About a year ago oil, value and small cap stocks were plunging. The prevailing narrative was that these issues had absolutely no upside, no access to capital and will be forever forgotten because of HFTs and ETFs.
Fast forward one year, oil has more than doubled, energy debt has over a 100% total return, value and small cap issues have greatly outperformed, as the latter is up about 22% after plunging more than 26% from their 2015 highs from January 1 February 12, 2016 according to the WSJ.
There are a number of reasons for this great over performance. Some had to do with extreme undervalueness. Last year around this time Goldman stated small caps and value shares were the most undervalued and least owned as compared to their large capitalized brethren since 1980.
I also believe the unexpected geopolitical change have also had a large impact. It was evident the Democratic party was entirely convinced that it will win the White House, the Senate and make huge inroads into the House. In 2014 the Democratic leadership changed Congressional rules that ended the Filibuster. I will argue such moves were either out of arrogance or stupidity. I do not know what is worse.

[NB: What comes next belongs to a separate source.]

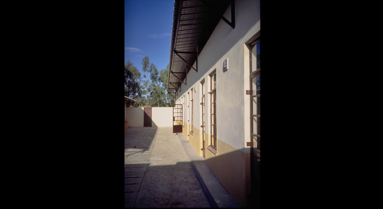 The dry, dusty climate of the area conflicted with cross ventilation and louvre-type windows were not practical. Therefore, casement windows were opted for, protected against sun impact by broad verandas, walkways and canopies. As timber is rare and trees endangered by excessive cutting, it was decided to use steel (critall type) casement doors and windows and light-weight steel roof trusses.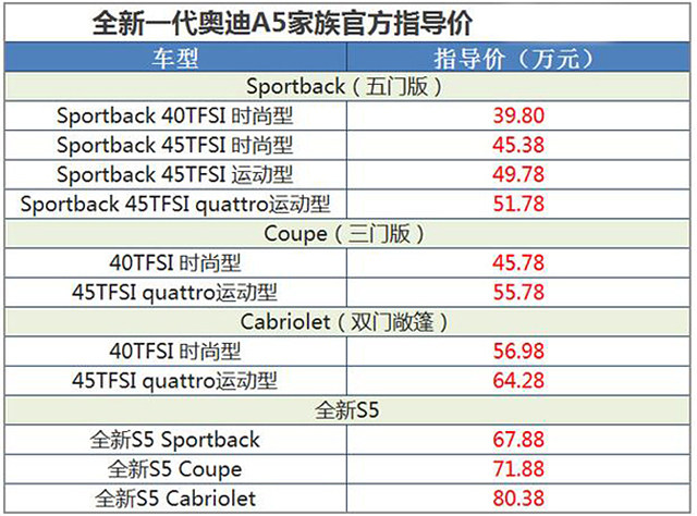 奥迪A5在诞生之初,就定位于入门级轿跑,一直肩负着奥迪运动基因传播的使命。而在初代A5推出10年后,我们终于等来了代号B9的继任者:2017年6月30日,全新奥迪A5家族在浙江乌镇互联网国际会展中心正式上市,本次上市共11款不同配置车型,涵盖了全新奥迪A5 / S5 Coupé双门轿跑、全新奥迪A5 / S5 Sportback 四门轿跑、全新奥迪A5 / S5 Cabriolet敞篷轿跑,价格区间为39.80万元至80.38万元

Will the Republicans use these Democratic sponsored rule changes against the Democratic Party? I naively hope not but…
Regardless, there will be at least a moratorium of new regulations with many hoping of a potential roll back of the more onerous rules that had strangled all but the largest capitalized entities.
Continuing with this theme, Globalism has died an incredible sudden and ugly death not only in the US but also in Europe. China, Russia, Iran, North Korea are acting extremely belligerent. This change from a globalist to a nationalist view is more beneficial to Main Street as opposed to Wall Street.
As noted above, small cap issues are retracing their early 2016 plunge. I think this advance is in its nascent stage given the entire change in the geopolitical environment. Change is the only constant and more things change the more things remain the same.
Commenting about yesterday’s market activity, Treasuries rose in price amid uncertainty over Brexit and security concerns in both South Korea and Turkey. Oil fell for the first time in four days. Equities were nominally lower.
What will happen today?
Last night the foreign markets were mixed. London was up 0.46%, Paris up 0.14% and Frankfurt up 0.21%. China was down 0.30%, Japan down 0.79% and Hang Sang up 0.83%.
The Dow should open quiet. The 10-year is off 6/32 to yield 2.39%.